Is it time for USD/CHF to pullback ahead of parity as DXY consolidates?

Although the US Dollar Index reached its highest level yesterday since December 2002 at 104.18, the DXY has been consolidating near the 2017 highs at 103.82 since April 28th.  This has allowed for the RSI on the daily timeframe to pullback into neutral territory after the index galloped higher from near 100 on April 21st to the 103.82 level.  If the DXY does breakout of the consolidation area, the next resistance level isn’t until 105.41, which is horizontal resistance from September 2002.  Support is at the May 5th low of 102.35.   Notice in the bottom panel of the chart that the correlation coefficient between the DXY and USD/CHF is +0.95.  A correlation coefficient of +1.00 means that there is a perfect position correlation between the 2 assets.  A reading of +0.95 if pretty close!   Therefore, if one does not have access to trade the DXY, USD/CHF may be used as a proxy.

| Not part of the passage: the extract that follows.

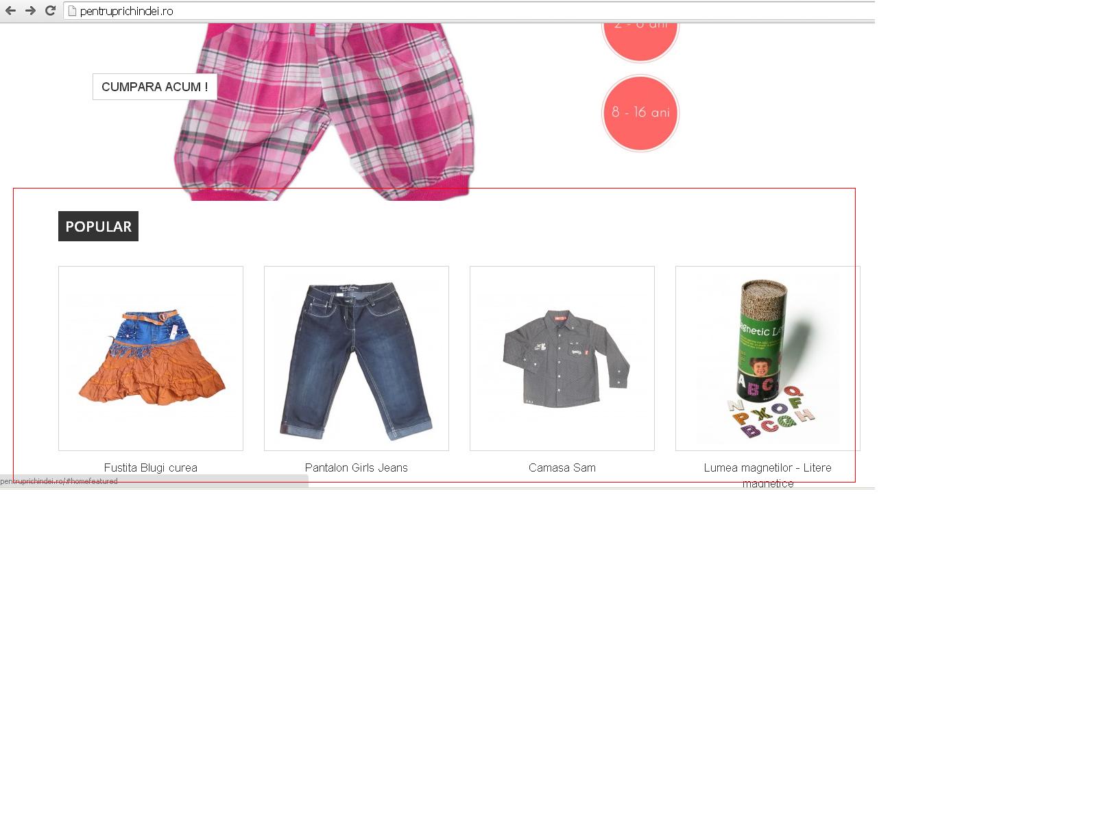 standdowncafe Posted July 29, 2015 Author Share Posted July 29, 2015 Yes Nemo, they are in the right category. Problem is not that they are not visible in category, but the category is not present, by default, on first page Visit my link http://pentruprichindei.ro/ You will find, under central banner, the tab "Popular" - click and you will see 12 random products. My wish is that this category to be by default present and visible when someone visit my shop. This would not be a problem if i would have a constant input for new products, that category will be visible. Link to comment Share on other sites More sharing options...

Source: Tradingview, Stone X

On a weekly timeframe, USD/CHF had moved lower from a high of 1.0226 in May 2019 to a low of 0.8757 in January 2021.  As markets began talking about inflation in the US and the possibility of raising rates, USD/CHF began to rise.  Note that the SNB lowered interest rates to -0.75 during the pandemic, and they remain at the ultra-low level.  Price action in the pair began forming a rising triangle over the course of the next year, with a horizontal top trendline at 0.9472.  The target for the breakout from a rising triangle is the height of triangle added to the breakout point.  In this case the target is near 1.0175.  USD/CHF broke above the top trendline of the triangle on April 19th and price hasn’t look back.  However, is the pair ready for a consolidation of its own, or even a pullback as price approaches 1.00?  Notice that the RSI on the weekly chart is in overbought territory, an indication that price may be ready for a correction.

Source: Tradingview, Stone X

The daily timeframe provides a clearer picture of just how strong the move has been in USD/CHF since April 19th as the pair appears to be pausing just below parity, which now acts as key psychological round number resistance.  Above there, price can move up to the previously mentioned highs from May 2019 at 1.0226.  However, notice that the RSI is also overbought on the daily timeframe as well.  If price does pull back, intra-day support is at 0.9800, then the lows from May 5th at 0.9709.  Below there, USD/CHF can move back to the horizontal breakout point of 0.9439.

Source: Tradingview, Stone X

The US Dollar Index (DXY) and USD/CHF have a very strong positive correlation. As the DXY pauses at its highest level in nearly 20 year, USD/CHF has halted just under 1.00.  Will USD/CHF continue higher towards its target from the breakout of the rising triangle?  Breaking through parity will play a big part in determining that, however, so will the next direction of the US Dollar Index.